The boys cut up his parachute to make scarves, and cut one off for me. But I told them I already had two – one American and one German – and to give it to somebody else.
Hats off to infantry
After this exciting beginning of a new day, I went around picking up tank lore.
I found that tankers, like everybody else, take their hats off to the infantry.
The average doughfoot or airman says you’d never get him shut up in a tank. Once in a while you do get a tankman who has a feeling of claustrophobia about being cooped up in there, but it’s very seldom.
The boys say that more than half of them get safely out of damaged tanks, even the ones that catch fire. They tell funny stories about how four and five men come out of a burning tank all at once, when it isn’t actually possible for more than two to get through the door at the same time.
They hate snipers worse than anything else. That is because visibility is pretty poor in a tank and the commander usually rides with his door open and his head sticking out. Unseen snipers are always shooting at them.
Improvements on tanks
The boys showed me all the little improvements that have come out on recent tanks. And they also wondered why tank designers haven’t thought of some of the simplest things for making tank life more practical – such as putting racks for water cans on the rear, and a bracket where you could tie your bedding roll.

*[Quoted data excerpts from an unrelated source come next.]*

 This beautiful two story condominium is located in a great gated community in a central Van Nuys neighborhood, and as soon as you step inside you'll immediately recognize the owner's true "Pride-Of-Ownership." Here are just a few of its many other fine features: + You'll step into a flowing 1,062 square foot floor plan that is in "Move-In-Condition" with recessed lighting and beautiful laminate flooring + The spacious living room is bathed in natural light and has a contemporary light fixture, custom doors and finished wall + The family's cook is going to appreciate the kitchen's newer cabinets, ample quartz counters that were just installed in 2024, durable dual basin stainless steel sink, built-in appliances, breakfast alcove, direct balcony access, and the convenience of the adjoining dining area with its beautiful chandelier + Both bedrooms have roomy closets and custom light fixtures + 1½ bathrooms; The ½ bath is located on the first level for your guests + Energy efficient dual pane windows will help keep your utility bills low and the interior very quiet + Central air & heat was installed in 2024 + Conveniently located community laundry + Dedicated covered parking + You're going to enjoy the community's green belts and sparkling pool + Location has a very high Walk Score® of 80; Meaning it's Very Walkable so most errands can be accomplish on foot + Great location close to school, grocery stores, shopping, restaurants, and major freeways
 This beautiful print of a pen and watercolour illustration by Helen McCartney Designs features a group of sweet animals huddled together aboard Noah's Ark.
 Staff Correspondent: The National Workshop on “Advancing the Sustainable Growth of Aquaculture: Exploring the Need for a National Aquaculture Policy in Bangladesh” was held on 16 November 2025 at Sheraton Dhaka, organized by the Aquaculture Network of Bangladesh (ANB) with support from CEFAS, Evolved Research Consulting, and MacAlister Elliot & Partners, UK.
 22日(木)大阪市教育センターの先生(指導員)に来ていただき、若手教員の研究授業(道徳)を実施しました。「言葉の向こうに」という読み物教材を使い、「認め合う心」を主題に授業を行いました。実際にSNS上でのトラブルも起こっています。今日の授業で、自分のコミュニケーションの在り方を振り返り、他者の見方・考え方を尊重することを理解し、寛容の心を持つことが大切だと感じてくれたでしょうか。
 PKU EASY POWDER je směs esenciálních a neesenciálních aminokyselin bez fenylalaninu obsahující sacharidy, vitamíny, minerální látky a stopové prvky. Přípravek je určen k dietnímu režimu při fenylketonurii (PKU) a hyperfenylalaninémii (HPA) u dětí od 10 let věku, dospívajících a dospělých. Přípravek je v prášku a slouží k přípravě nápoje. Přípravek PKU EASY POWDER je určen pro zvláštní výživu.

The men have welded on these necessary racks for their gear.
An armored unit’s fighting usually comes in spurts, with long intervals between.

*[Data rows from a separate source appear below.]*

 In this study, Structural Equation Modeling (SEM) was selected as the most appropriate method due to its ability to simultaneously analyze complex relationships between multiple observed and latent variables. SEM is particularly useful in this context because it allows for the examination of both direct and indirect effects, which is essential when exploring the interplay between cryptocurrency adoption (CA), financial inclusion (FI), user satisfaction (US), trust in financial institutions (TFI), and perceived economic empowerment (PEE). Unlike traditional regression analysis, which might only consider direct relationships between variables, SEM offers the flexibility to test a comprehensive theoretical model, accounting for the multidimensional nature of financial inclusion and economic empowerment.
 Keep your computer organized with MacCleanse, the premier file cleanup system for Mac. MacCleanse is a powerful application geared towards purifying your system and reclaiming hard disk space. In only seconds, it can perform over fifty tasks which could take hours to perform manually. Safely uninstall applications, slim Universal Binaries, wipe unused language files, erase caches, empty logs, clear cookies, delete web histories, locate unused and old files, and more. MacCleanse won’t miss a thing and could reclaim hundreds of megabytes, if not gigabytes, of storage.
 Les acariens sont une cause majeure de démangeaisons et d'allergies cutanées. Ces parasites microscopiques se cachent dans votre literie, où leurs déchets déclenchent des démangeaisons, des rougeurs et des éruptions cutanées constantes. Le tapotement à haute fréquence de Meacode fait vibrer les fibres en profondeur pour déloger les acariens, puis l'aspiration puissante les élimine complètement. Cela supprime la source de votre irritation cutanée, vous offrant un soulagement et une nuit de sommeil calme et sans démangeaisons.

When the tank boys are in a lull, they are used for emergency jobs. This is very unusual, but here on the beachhead everybody has to do a little of everything.
Nearly every day the men of the tank crews back in bivouac have a detail starting just at dawn. They carry mines and barbed wire up to the front for the engineers to put in place. They pack the stuff on their backs, and they don’t like it, but they do it without grumbling.